Watson has an alliance with Bettini. De Waele uses more of an agency model, hiring photographers to attend races he can’t get to, or, at major races, to get a different angle from his own. Some arrangements are more formal than others. Walk into the photographers’ area in a Tour de France pressroom after a stage and you’ll spot a daily game of memory card musical chairs.

“It can get convoluted,” Fryer says. “Maybe [Watson] is responsible for providing an image, but he’s not there, or he was in a different spot. Normally he’d get it from Bettini, but Bettini’s not there. Bettini sometimes works with Cor Vos. So that image with Graham’s name on it was shot by Cor Vos, who Graham doesn’t even necessarily work with.”

Of course, this turns photographs into commodity, not art. But this is a business. For many, perhaps most, the art is very much a secondary concern.

THE FIRST STOP OF the day for the BrakeThrough duo is out in the countryside, between two long hedges. Greco grabs a wide-angle lens, Fryer a telephoto. What are they looking for? A good scenic, and a shot of one of their client’s riders who is in the breakaway.

There is a tug-of-war between creative expression and business, one that every photographer contacted for this story acknowledged to be a struggle. Though the rise of social media platforms like Instagram has allowed for a bit more freedom, and more direct self-promotion, there are still commercial realities.

“People pay you for pictures they want, not what you want,” Watson says. “Someone wants Trek pictures, someone else wants Cannondale, CyclingWeekly wants British cyclists. There’s very little room left for doing anything creative or artistic.”

To be a full-time cycling photographer takes a large client list — five to 15 recurring buyers, plus many one-off sales. Each client has demands. Teams want the money shot — their rider crossing the line, hands raised. Bike brands want glamor shots of their equipment being put to use. The stunning, dramatic image of an anonymous rider from FDJ riding alone 20 minutes off the back of the peloton is something only media outlets will buy.
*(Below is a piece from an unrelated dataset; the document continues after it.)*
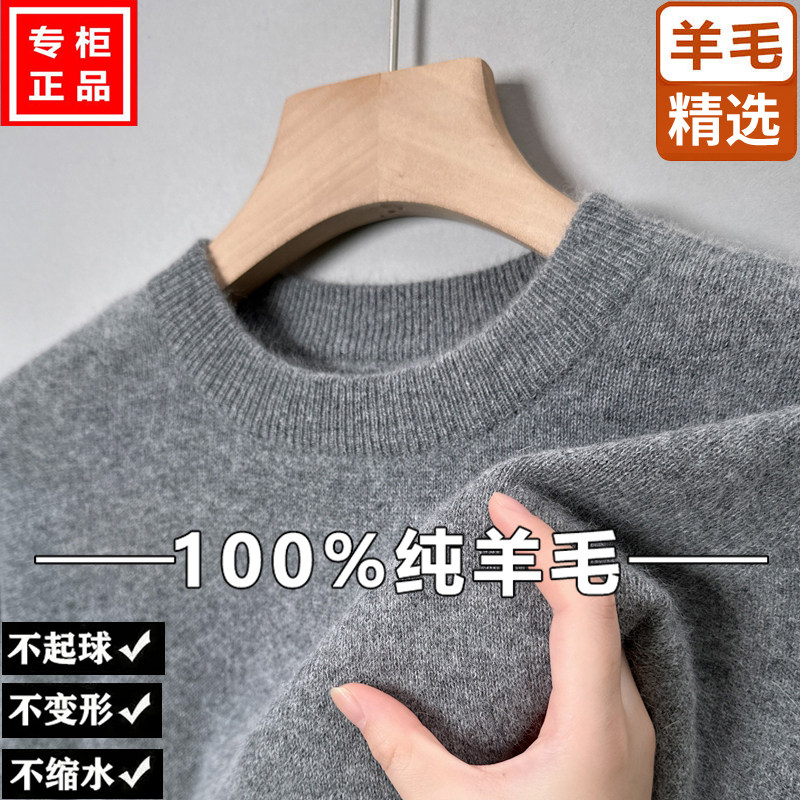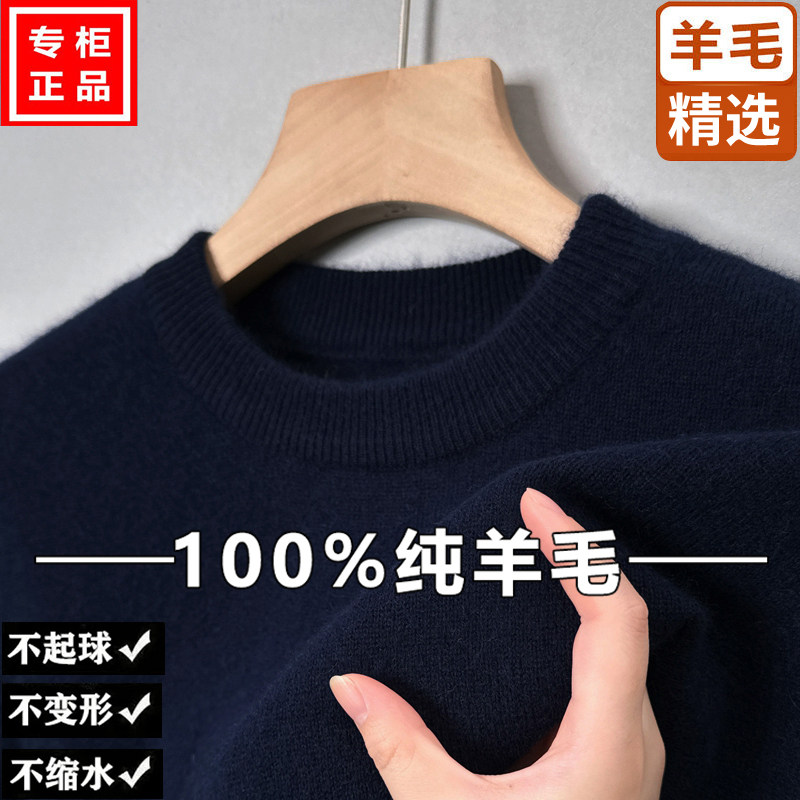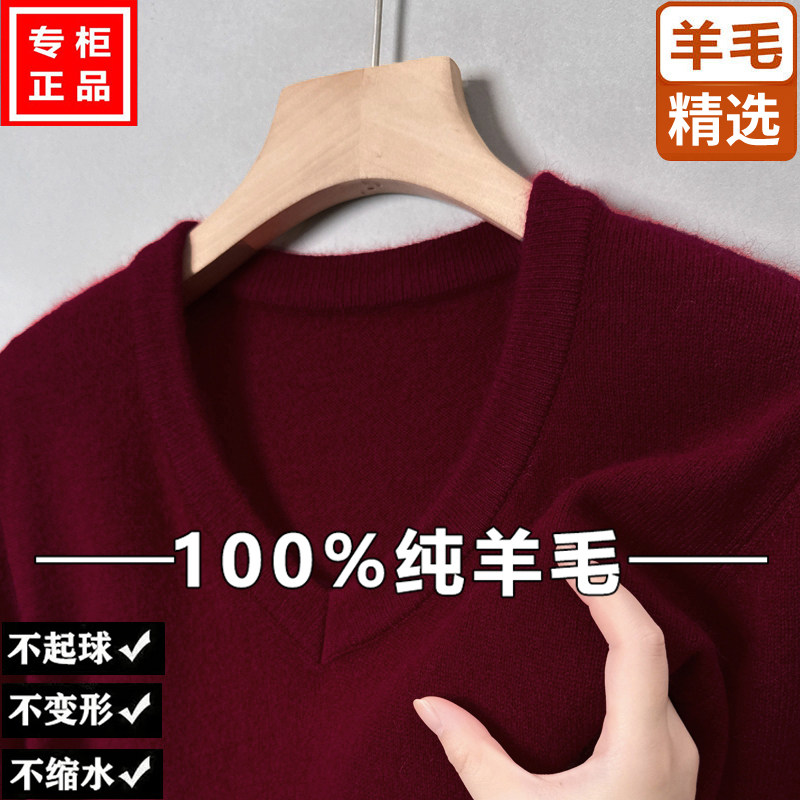 鄂尔多斯市羊毛衫男秋冬季加厚V领毛衣100羊毛男士针织羊毛打底衫

You’ll see many of those shots in this issue: a Tinkoff rider brushing his hand against the snow bank; a lone rider coming through the dust. But for most photographers, selling such images to media does not pay the bills. The greatest challenge is that mix of art and business. It’s not easy to create stunning and sellable images.

“In my next life, I’d come back and just go to the Tour de France and shoot for myself,” Watson says, somewhat wistfully. “I’ll just take beautiful pictures. Nobody will buy them, but at least I can take them.”